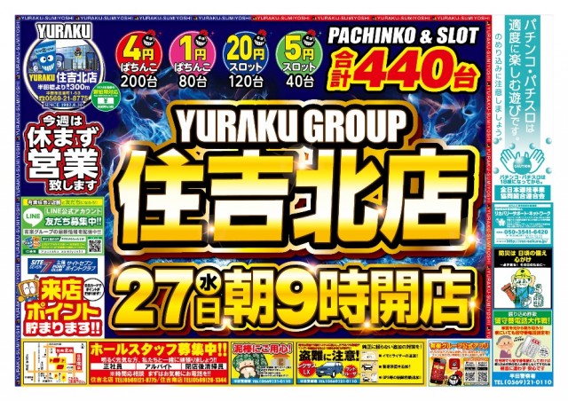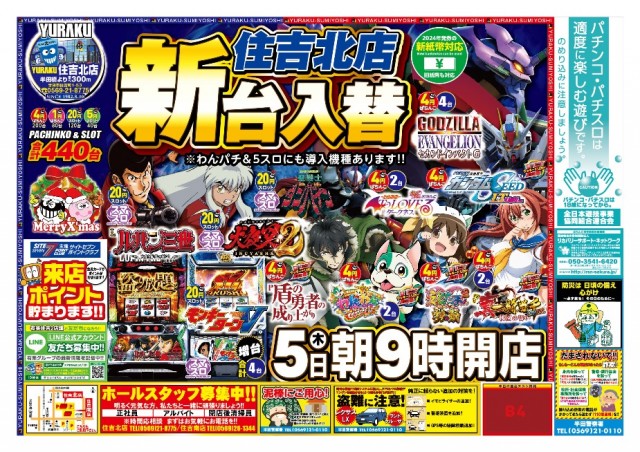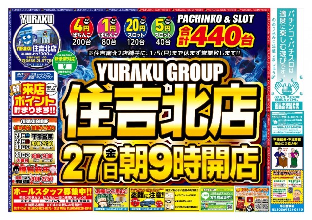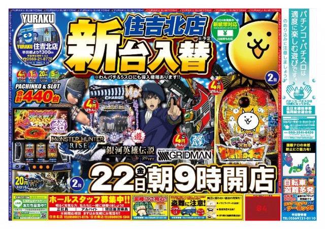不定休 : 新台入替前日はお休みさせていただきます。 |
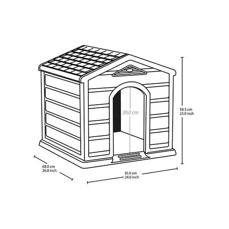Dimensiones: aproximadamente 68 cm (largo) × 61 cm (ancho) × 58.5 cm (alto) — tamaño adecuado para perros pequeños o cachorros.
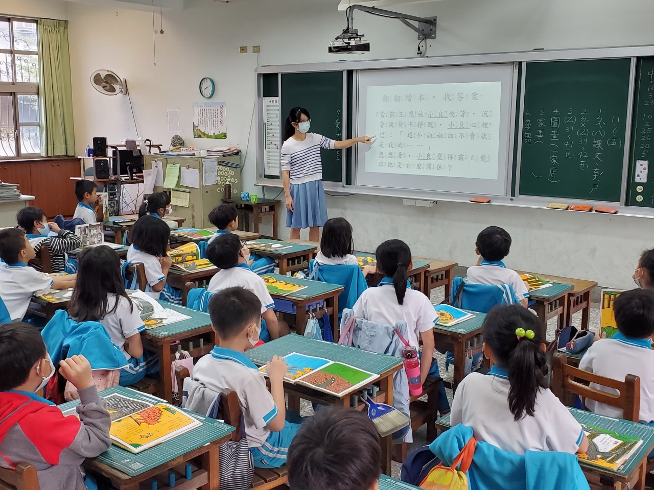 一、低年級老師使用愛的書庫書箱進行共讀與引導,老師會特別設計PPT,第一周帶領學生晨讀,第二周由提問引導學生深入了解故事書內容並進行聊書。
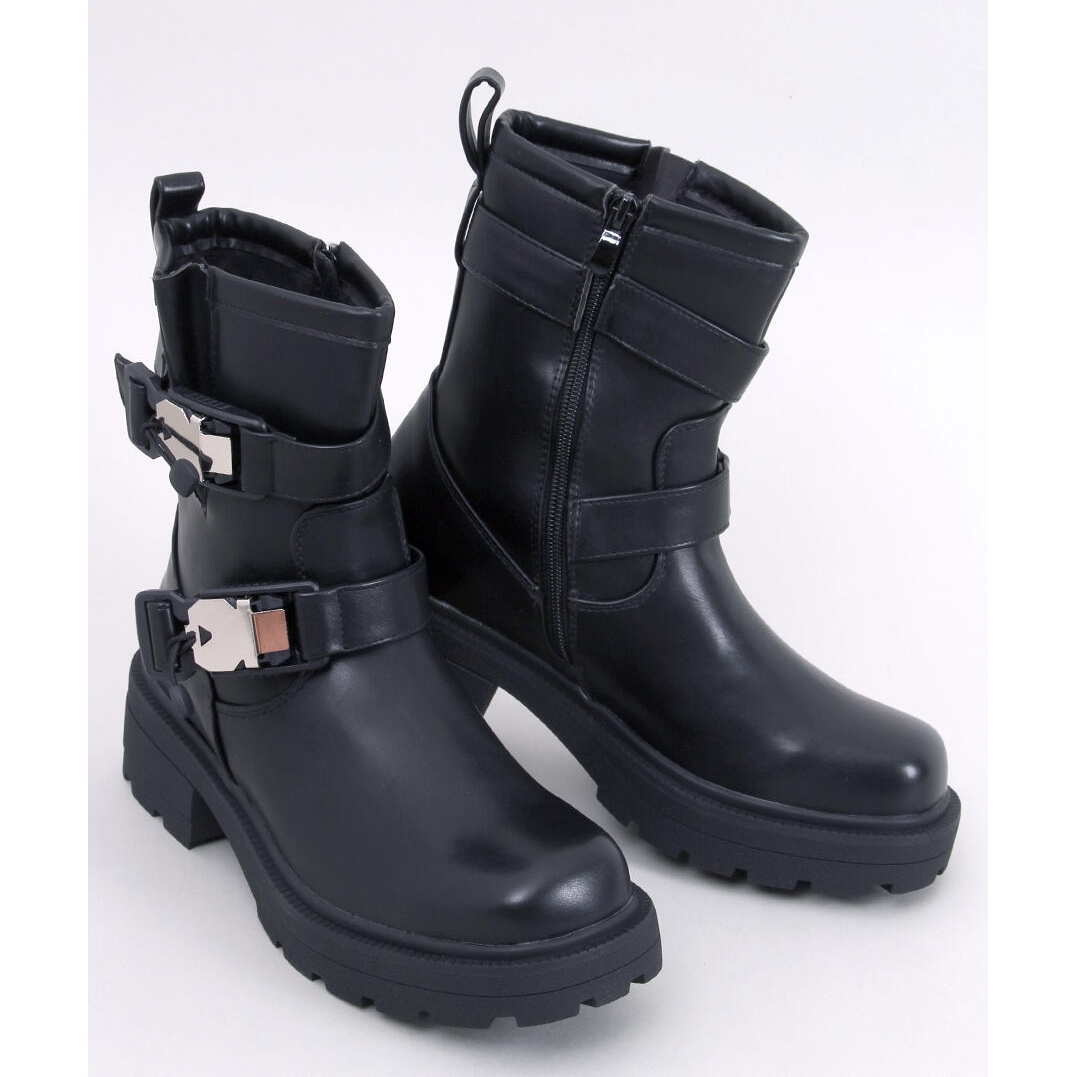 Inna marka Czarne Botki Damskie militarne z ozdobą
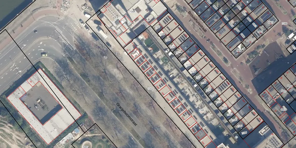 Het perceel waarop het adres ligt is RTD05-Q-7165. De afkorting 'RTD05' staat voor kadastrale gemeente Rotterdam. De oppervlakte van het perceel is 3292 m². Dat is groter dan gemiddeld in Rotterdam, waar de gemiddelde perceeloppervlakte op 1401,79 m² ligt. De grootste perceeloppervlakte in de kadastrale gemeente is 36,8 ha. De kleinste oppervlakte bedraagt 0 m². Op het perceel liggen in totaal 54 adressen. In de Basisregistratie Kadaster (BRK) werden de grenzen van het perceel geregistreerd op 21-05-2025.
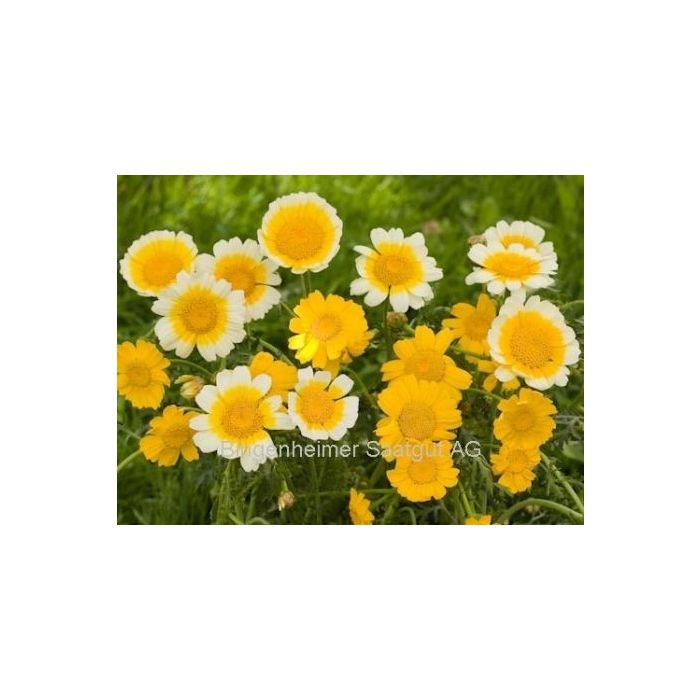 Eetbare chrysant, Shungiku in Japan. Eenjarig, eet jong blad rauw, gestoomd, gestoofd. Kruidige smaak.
=-=-=-=-=
Could you write out exactly the lines running from the one with "Het perceel waarop" through the last line of the data above, both ends kept, and omit any picture?

 Het perceel waarop het adres ligt is RTD05-Q-7165. De afkorting 'RTD05' staat voor kadastrale gemeente Rotterdam. De oppervlakte van het perceel is 3292 m². Dat is groter dan gemiddeld in Rotterdam, waar de gemiddelde perceeloppervlakte op 1401,79 m² ligt. De grootste perceeloppervlakte in de kadastrale gemeente is 36,8 ha. De kleinste oppervlakte bedraagt 0 m². Op het perceel liggen in totaal 54 adressen. In de Basisregistratie Kadaster (BRK) werden de grenzen van het perceel geregistreerd op 21-05-2025.
 Eetbare chrysant, Shungiku in Japan. Eenjarig, eet jong blad rauw, gestoomd, gestoofd. Kruidige smaak.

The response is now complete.